We take a few steps away from Camila and spread out a little. I'm maybe five feet from her. "Okay, the first thing you want is that you always have to be ready for when the ball is passed to you." I show her what I mean. I instruct her to do as I am doing. She's alert, waiting for me to pass the ball. "Good job. Now pass me the ball." She passes me the ball the same way I did to her.

"I did it!" She cheers, jumping up and down.

"You did. You're a natural," I tell her.

"Did your dad teach you how to kick the ball like that?" She asks innocently.

A smile tilts my lips when I think of my father Michael Jauregui, and soccer. "He did. Playing soccer was his job." She's a smart little girl, but I'm not sure she would understand if i said he played professionally. "My uncles played with me as well."

"You have an uncle?" She asks, eyes wide.

"I do."

"I don't have one of those," she says looking over at her mom for clarification.

"No, sweetie,"  Camila says gently. "Mommy and Daddy are both only children, so you have no aunts or uncles."

"But I want them. Can we get some?" She asks, her innocence grabbing hold of my heart.

"It's not that easy, Em. Maybe one day."

"Fine." She grumbles, and I have to bite my tongue to keep from laughing. Little Emily Mendes reminds me so much of her mother.

"You ladies hungry?" I ask them.

"Starving," Emily says dramatically, dropping her shoulders as if she's been waiting days for me to offer her food.

"How about some pizza? There's a great place just down the street."

"I only like cheese on my pizza. That other stuff is nasty." She wrinkles her little nose.

"Cheese is it." I look over at Camila. "What do you say? Can I buy you ladies some dinner?"

She opens her mouth to protest, but Emily beats her to it. "Of course. Mommy says that when people do something nice for you, you say thank you and accept it. Thank you, Lo," she says, wrapping her arms around my leg in a hug. I smooth back some of her dark curls.

"What do you say, Camz?" I ask, holding my hand out for her.
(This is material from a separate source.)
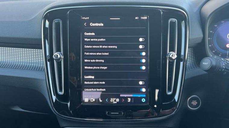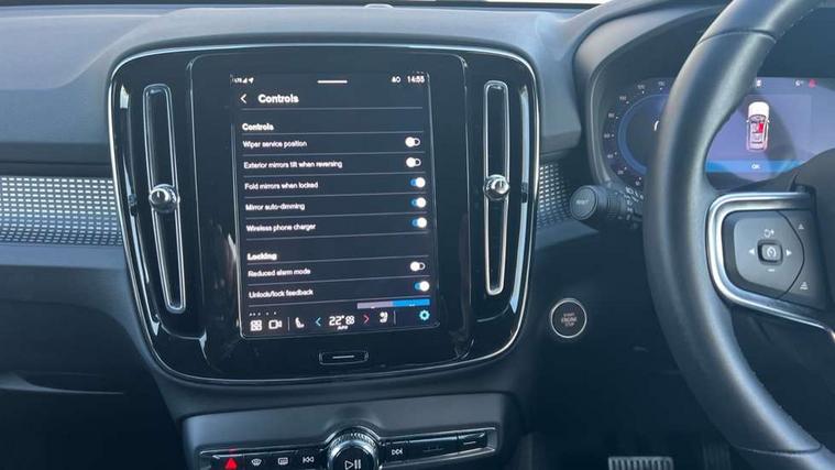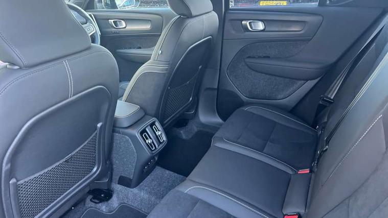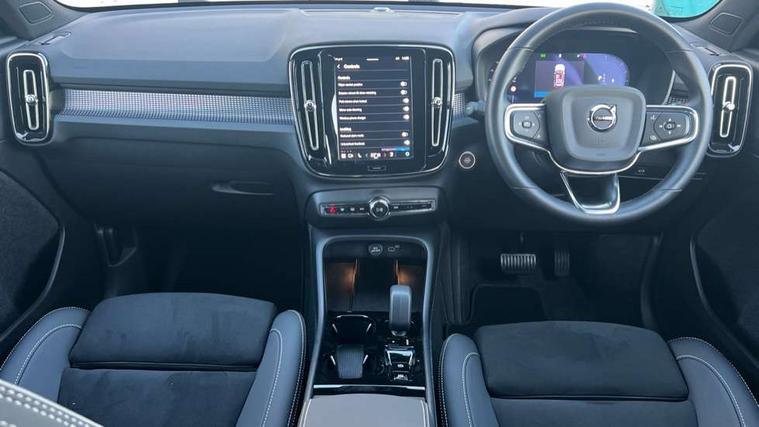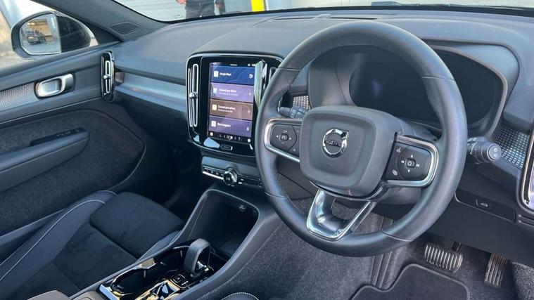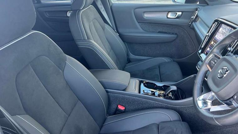 12.3" Progressive Driver Display, 9" centre console portrait touch screen, Adjustable steering wheel force, Android auto (Wired), Apple carplay (wired), Bluetooth handsfree system, Driver alert control, Driver assistance (pilot assist and adaptive cruise control), Driver awareness - Blind spot information system with steer assist, cross traffic alert with autobrake and rear collision warning and mitigation, E-call, Front park assist, Google automotive services - Enabled entertainment apps, navigation with google maps, voice recognition with google assistant, Hands free power tailgate, Intelligent speed assistance, Lane keeping aid, Oncoming Lane Mitigation, Rear park assist, Speed sensitive steering, Volvo cars services with app - Driving journal, emergency and breakdown call, engine remote start, remote door locking/unlocking and vehicle dashboard, Wireless/Inductive Mobile Phone Charging, Automatic transmission with start/stop and manual change functions, Dynamic chassis, DAB Digital radio, Steering wheel mounted remote controls, Adaptive brake lights with high level LED brake lights, Auto dimming feature for exterior door mirrors, Auto dimming interior mirror, Automatic headlamp levelling, Automatic LED Headlights + Active high beam incorporating daytime running lights, Colour coordinated auto folding and heated power door mirrors, Dark tinted windows - rear side windows and rear screen, Front aluminium tread plates, Front and rear electric windows, High gloss black front and rear skid plate, High gloss black front bumper deco, High gloss black front grille strikethrough and ironmark, High gloss black rear model, engine and volvo logo badges, High gloss black window trim, Home safe and approach lighting, Integrated roof rails in high gloss black, LED front fog lights, Puddle lights, Rain sensor with automatic windscreen wiper activation, Rear side wing doors, Rear wiper, Roof antenna, Roof spoiler, Visible VIN plate, 12V socket in front tunnel console and luggage compartment, 2-Zone electronic climate control with CleanZone air quality system and pollen filter, 3 seat bench in 2nd row, 3 Spoke tailored steering wheel with chrome trim, 60/40 versatile split folding rear seat, Centre console cupholders and storage, Charcoal headlining, Connect textile/microtech upholstery, Flexible load floor and grocery bag holder, Floor mats, Front cabin courtesy lights, Front door pocket, front cupholder, ambient front door, rear reading, rear courtesy, instrument panel and tailgate lighting, Front footwell illumination, Front headrests, Front reading lights, Front seat cushion extensions, Front side step illumination (under door), Glovebox bag hook, Heated front seats, Height adjustable passenger seat, Height/reach adjustable steering column, High gloss centre tunnel deco, Illuminated glovebox, Illuminated luggage compartment, Illuminated vanity mirrors + ticket holder, Integrated waste bin, Isofix attachments on outer rear seats, Load cover, Load protection net, Multi directional lumbar support for driver and passenger seat, Power driver seat with memory + exterior mirrors memory, Rear armrest with cupholders, Rear headrests, Single front passenger seat, Underfloor cargo storage, Climate pack without heated front seats - XC40, 3x3 point rear seatbelts, City safety with steering support with Pedestrian + cyclist + front collision warning with full auto brake and rear auto brake, Driver and passenger airbags, Drivers knee airbag, Electronic parking brake with auto hold, First aid kit, Front and outer rear seatbelt reminder and pretensioners, Front seats SIPS airbags, Hill descent control, Hill start assist, Inflatable curtain, Passenger airbag cut-off device, Power child locks on rear doors, Road sign information display, Run off Road Protection, SIPS (Side Impact Protection System), Slippery road and hazard light alert, Stability and Traction Control with Spin control, Engine Drag Control and Corner Traction Control, Tyre pressure monitoring system, Vehicle deceleration control with Anti-lock Brake System, Electronic Brake Distribution and Emergency Brake Assist, Warning triangle, WHIPS whiplash protection system - front, 2 x Key integrated remote control central locking including with deadlocking system and auto open/close windows, Anti-theft alarm including immobiliser/volume sensor + level sensor, Keyless drive includes keyless entry and keyless start, Locking wheel nuts, 20" 5 spoke high gloss black alloy wheels,

She looks at me then to her daughter and back to me again. She exhales loudly, as if the words she's about speak pains her to say them. "Thank you, Lauren." Her voice is super sweet with a hint of sarcasm that her daughter doesn't pick up on. To my surprise, she takes my offered hand, and her palm fits against it as if we're two puzzle pieces meant to be together. With a smile on my face and a gorgeous girl on either side of me, we leave the stadium to get some cheese pizza.